3. Поколение наизнанку Мембраны Весиклы

  1. Культура E. coli мутантных клеток, выражающих целевой белок, выращивая одну колонию в одночасье в 5 мл неполиаминовых носителей (2% глицерола, 6 г K2HPO4, 3 г KH2PO4, 0,5 г NaCl, NH4Cl, 50 мг тиамина, 0,79 г дрожжей полного синтетического медиа аденина гемисульфата (10 мг/л), L-аргинина (50 мг/л), L-аспарновой кислоты (80 мг/л), L-Histi Моногидрат гидрохлорида (20 мг/л), L-лейцин (100 мг/л), Л-лизин гидрохлорид (50 мг/л), L-метионин (20 мг/л), L-фенилаланин (50 мг/л), L-трионин (100 мг/л), L-триптофан (50 мг/л), L-тирозин (50 мг/л), L-Валин (140 мг/л), Урасил (20 мг/л)... Перенесите эту культуру на 500 мл свободных от полиамина средств массовой информации, дополненных 0,0002% арабинозы и расти до тех пор, пока клеточная культура достигает ОД600 0,6-0,8 (обычно 5 ч).
  2. Соберите клеточные гранулы центрифугированием при 2000 х г в течение 15 мин при 4 градусах Цельсия. Отрежь гранулы и промыть три раза с 0,1 М фосфатного буфера калия, рН 6,6, содержащий 10 мМ EDTA (Буфер 1). Окончательный объем ячеек в Буфере 1 после третьего вращения должен быть 10 мл.
  3. Создание наизнанку мембранных пузырьков по процедуре французской прессы (10000 p.s.i.) из нетронутых клеток с помощью 35 мл французского давления Cell.
  4. Перед загрузкой образца в стандартную французскую ячейку давления, смазать поршень и O-кольца, чтобы сделать его легче вставить в ячейку.
    Примечание:Эти инструкции специфичны для использования стандартной ячейки давления31.
    1. Тщательно винт замыкания подключить в нижнем конце ячейки. Убедитесь, что ячейка является правой стороной вверх на основе надписи на стороне ячейки. Вставьте поршень в ячейку и переместите его в ячейку, пока максимальная линия заполнения на поршня не достигнет верхней части поршня. Переверните устройство снова и поместите на предоставленную позицию между тремя должностями.

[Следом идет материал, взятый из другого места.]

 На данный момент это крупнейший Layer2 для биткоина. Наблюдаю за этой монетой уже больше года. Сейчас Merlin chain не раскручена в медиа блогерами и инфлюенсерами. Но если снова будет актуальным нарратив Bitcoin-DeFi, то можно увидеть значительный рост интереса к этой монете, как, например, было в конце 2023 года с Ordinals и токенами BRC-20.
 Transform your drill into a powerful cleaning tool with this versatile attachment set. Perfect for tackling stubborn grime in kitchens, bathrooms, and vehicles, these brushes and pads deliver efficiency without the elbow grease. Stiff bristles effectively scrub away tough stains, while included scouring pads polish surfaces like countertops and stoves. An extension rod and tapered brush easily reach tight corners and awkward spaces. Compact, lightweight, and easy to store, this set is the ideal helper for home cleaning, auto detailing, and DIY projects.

    2. Налейте суспензию клетки в тело клетки.
      ПРИМЕЧАНИЕ: Мы использовали только 10 мл, так что будет много места осталось во французской камере ячейки давления, которая имеет емкость 35 мл.
    3. Установите стандартную ячейку давления на французский блок ячейки давления.

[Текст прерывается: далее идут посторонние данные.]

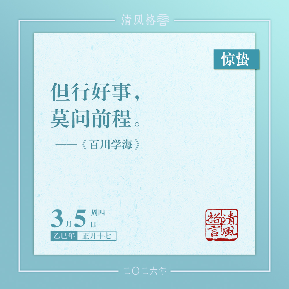 這兩句話可能也非馮道原創(chuàng),很多文獻(xiàn)都記載為“但行好事,莫問前程”的諺語。如《昨非庵日纂》援引宋代名臣趙抃的話說,有的人“說得一尺,行得一寸”,即我們常說的“語言的巨人,行動的矮子”,還有的人“任他極有見識”“隨你極有聰明”,可一較真便會露餡,畢竟投機(jī)取巧的偽善,置于實(shí)實(shí)在在的真善之下都不堪一擊。趙抃以為,一心奉行“好事”的人,一定是認(rèn)真踏實(shí)、埋頭做事,甚至?xí)燥@“拙”態(tài)的人,因?yàn)檫@樣的人,往往樸實(shí)無華,心地?zé)o私。

      1. Сначала проверьте, что электричество выключено. С левой стороны панели находится переключатель Selector Ratio. Оно имеет 3 положения: вниз на конце бега, низко для использования более малой клетки давления, и высокодля пользы с стандартной французской ячейкой давления. Если французская пресса ранее использовалась с меньшей ячейкой, поршень не может быть полностью убран. Установите этот переключатель на Down.
    4. Включите машину с включением RHS в задней части устройства и включите переключатель Pause-Run в положение Run. Это приведет к тому, что поршень будет полностью убран. Переместите переключатель обратно в Паузуи выключите машину.
    5. Потерять винты большого пальца и переместить зажим безопасности, который охватывает до двух столбцов из нержавеющей стали в сторону. Он будет качаться вправо. С одной стороны, держа основание замыкания плагина на месте, выбрать французский давление ячейки вверх обеими руками, и повернуть его 180 ", так что поршень в настоящее время в вертикальном положении. Установите его на платформу, и переместить зажим безопасности обратно на место, так что этот зажим держит французский давление ячейки в положении.
    6. Обратите внимание, что сборка Flow Valve на замыктах должна быть доступна для эксплуатанта и расположена таким образом, чтобы клапан мог быть свободно повернут. Откройте сборку клапана потока несколькими против часовой стрелки. Расположите руки поршня так, чтобы они были ориентированы в положении «два часа» и «восемь часов». Затяните большие пальцы винты так, что стандартная ячейка давления удерживается на месте.
    7. Вставьте образец розетки трубки в замыкание штепсельной вилки, и подключить короткий кусок гибкой трубки так, что сломанной клетки мусора могут быть собраны в трубку сокола. Обычно мы используем заполненный льдом 300 мл стакан, чтобы держать трубку сокола в вертикальном положении, и держать мусор клетки охлажденным.
    8. Убедитесь, что переключатель Pause-Run настроен на паузу,а сборка клапана находится в открытом положении. Включите машину обратно, adust Коэффициент селектора переключатель на высокий, и повернуть давление увеличение клапана на передней панели справа около половины оборота.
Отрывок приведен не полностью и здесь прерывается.